CVEs and CVE stakeholder organizations used a wide variety of strategies to limit the risk of performance misclassification due to chance. These included:
- Basing performance thresholds on tests of statistical significance. When this option was chosen, CVEs generally used statistical significance thresholds to err on the side of classifying provider performance as "average." This approach limited the probability of misclassifying a truly average provider as above or below average to no more than 5 percent. But in some cases, statistical confidence intervals were used to always give providers the benefit of the doubt. Each provider's performance was classified in the highest category that overlapped the provider's 95 percent confidence interval for the measure in question.
- Using a "zone of uncertainty." Because the risk of performance misclassification rises as provider performance gets close to a classification threshold, some CVEs gave providers the benefit of the doubt whenever their performance was within a "zone of uncertainty" around each threshold. In other words, performance was reported as being above threshold for all providers whose performance was within the zone of uncertainty.
- Using a minimum reliability criterion. Some CVEs limited the risk of misclassification due to chance by setting a minimum reliability for performance reporting (generally using a minimum reliability of 0.7 when this strategy was chosen). For this strategy, CVEs calculated reliability on a measure-by-measure and provider-by-provider basis, excluding from public reporting measures and providers that did not meet the minimum reliability standard.
- Using a minimum number of observations (a "minimum N"). Instead of using a minimum reliability criterion, some CVEs used a minimum N criterion. In deciding the right minimum number of observations, some CVEs looked for guidance from other reporting collaboratives and negotiated with their stakeholders. Other CVEs took a more mathematical approach, calculating for each performance measure the number of observations needed to achieve a minimum level of reliability (or limit the risk of misclassification to a certain level). CVEs taking the more mathematical approach found that (1) the minimum necessary number of observations could vary by measure, and (2) the minimum number of observations could be far greater than the minimum numbers used by other performance reporting collaboratives that had not taken a mathematical approach.

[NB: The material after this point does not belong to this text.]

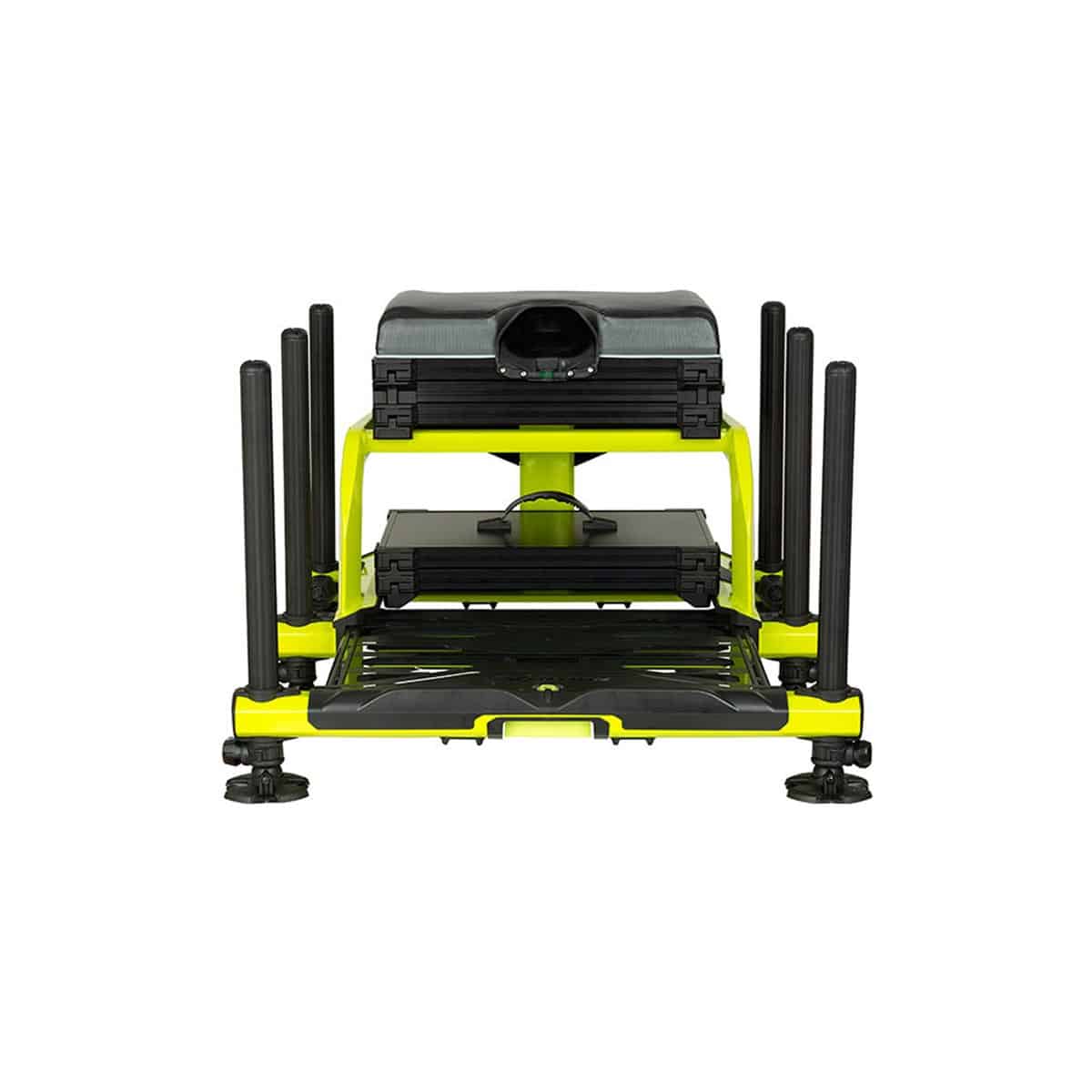 MATRIX XR36 PRO LIME SEATBOX è un panchetto che nasce per migliorare ulteriormente il MATRIX S36 SUPERBOX mantenendo l’affidabilità e il rapporto qualità/prezzo. Costruito con un esclusivo telaio in alluminio “Hydro formed”, con design a tubo singolo. Dispositivo singolo di sgancio della pedana. Copertura durevole della pedana in plastica con livella a bolla integrata. Gambe estensibili anti-scivolo anodizzate, da 36 mm. Tappi filettati su tutte le gambe. Sistemi di fissaggio delle gambe re-ingegnerizzati che non lasciano segni. Manopole larghe in gomma, ottenute tramite stampo. Sistema con singolo pin per sganciare il contenitore posto sotto al telaio. Seggiolino ammortizzato in robustissimo PU con doppia colorazione, caratterizzato da una livella a bolla integrata e da un supporto per la roubaisienne. Quattro punti di fissaggio per una tracolla imbottita removibile.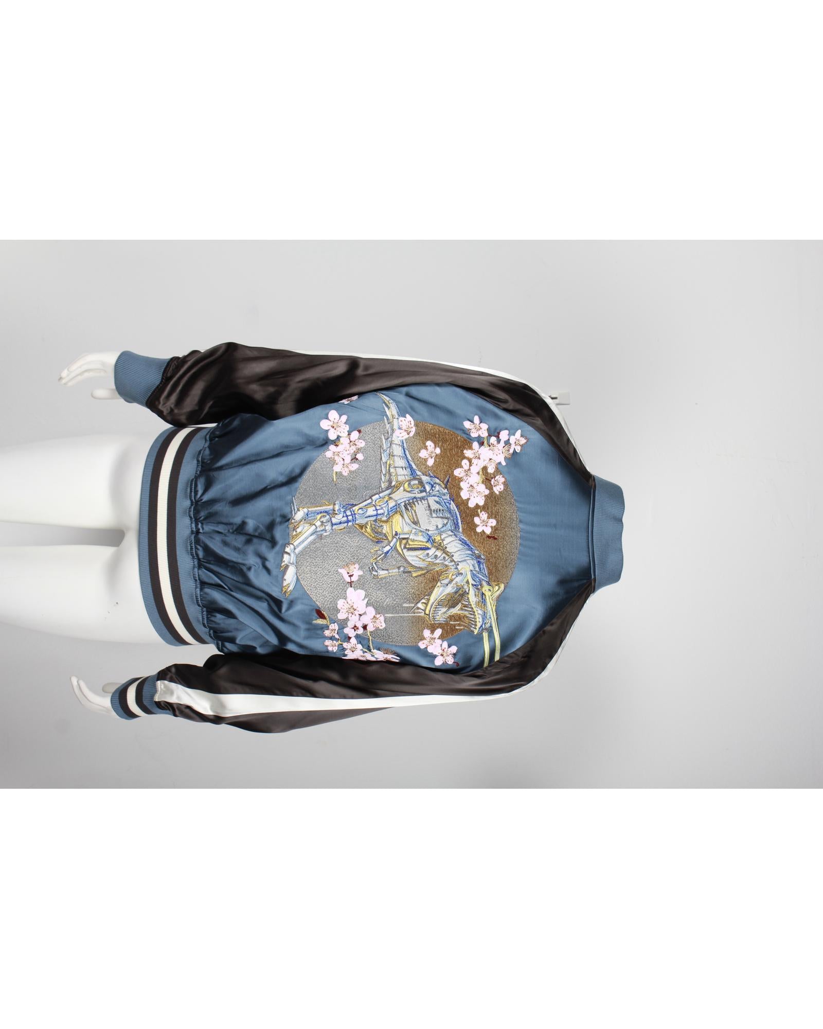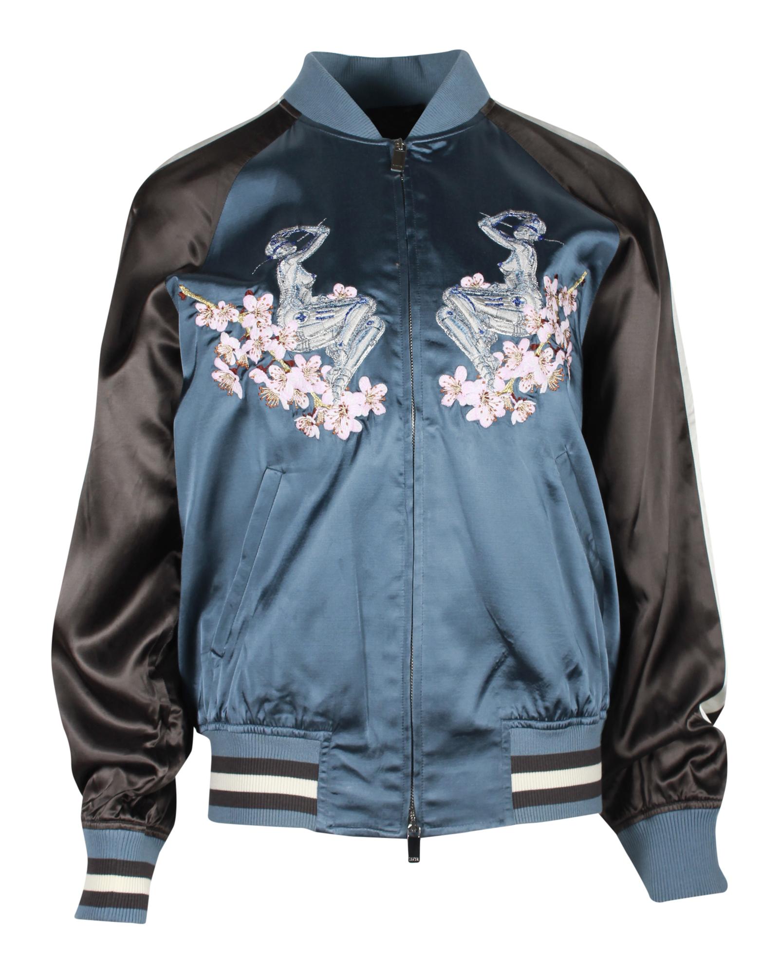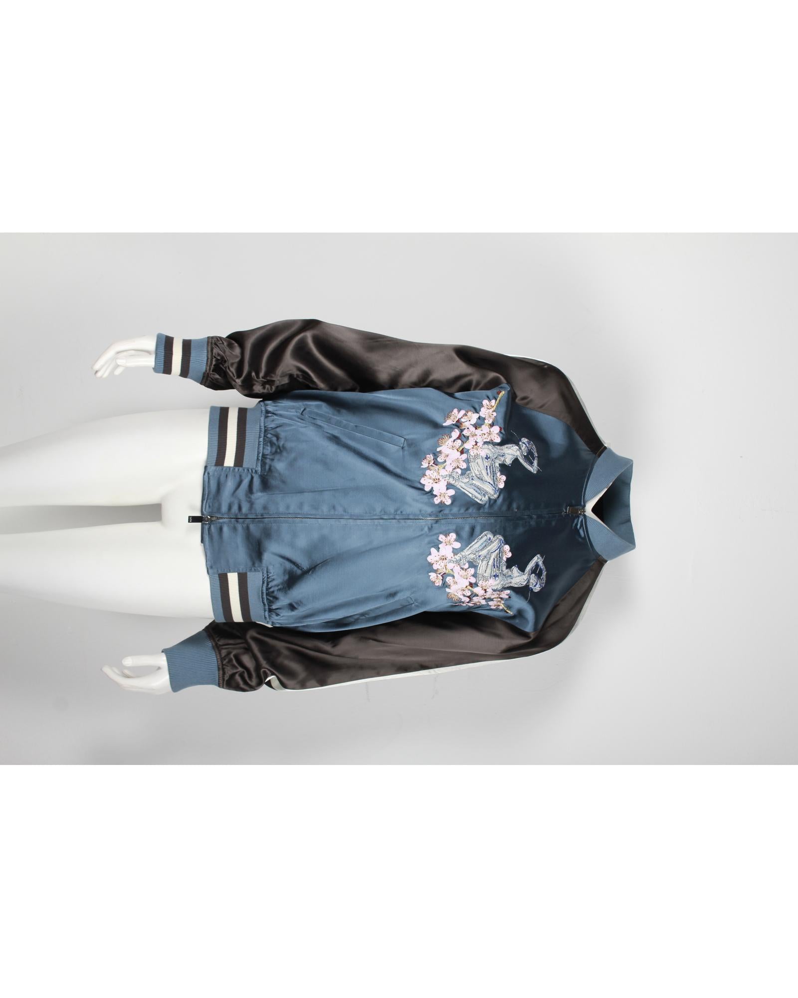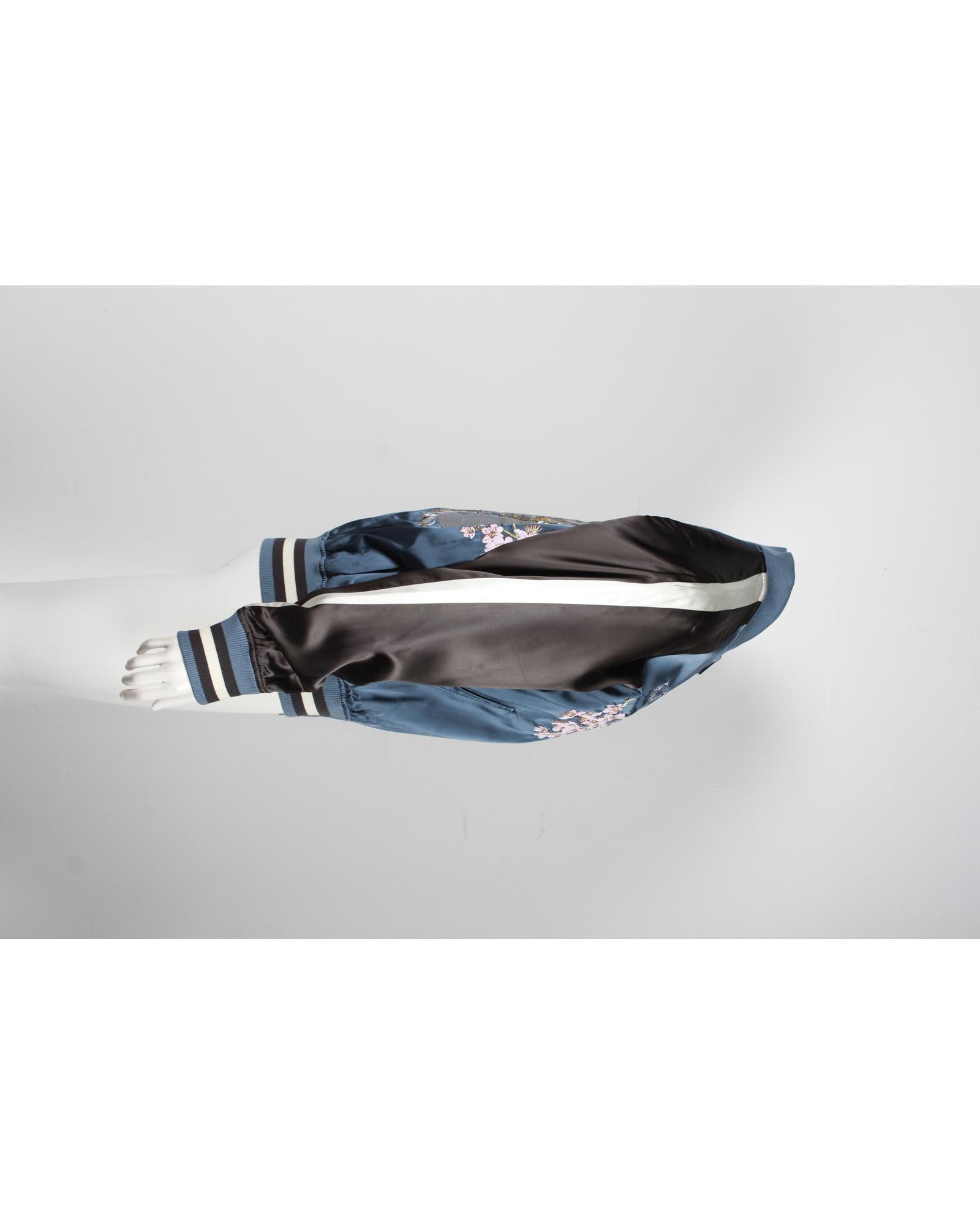 • Dior x Sorayama Embroidered Souvenir Bomber Jacket in Blue Satin

- Reporting performance at higher levels of provider organization. Most CVEs reported the performance of provider organizations (including ambulatory clinics) rather than individual practitioners. But some did express the goal of eventually finding ways to report individual practitioners' performance in ways that would not introduce too much risk of performance misclassification due to chance.
Will composite measures be used?
Some CVEs and CVE stakeholder organizations reported provider performance on composite measures. When they were reported, composite measures were generally based on single health conditions (e.g., diabetes care, heart attack care) and used an approach based on taking the weighted average of the individual measures when calculating the composite measure score. However, some CVEs used an "all-or-none" approach to combining individual measure scores. CVE leaders observed two advantages of all-or-none composites:
- The range of between-provider variation on "all-or-none" composites was higher than the range on individual measures.
- The "all-or-none" approach was thought to be relatively easy to explain to stakeholders, including both patients and providers.
What final validity checks might improve the accuracy and acceptance of performance reports?
In general, CVEs and CVE stakeholder organizations described making final validity checks with the assistance of health care providers. These validity checks included giving providers a confidential preview of their performance results, which, in some cases, included patient-by-patient performance data. With these previews, providers could correct or appeal their performance results in some cases or, in other cases, opt out of a single round of public reporting to either correct problems with their data or improve their performance.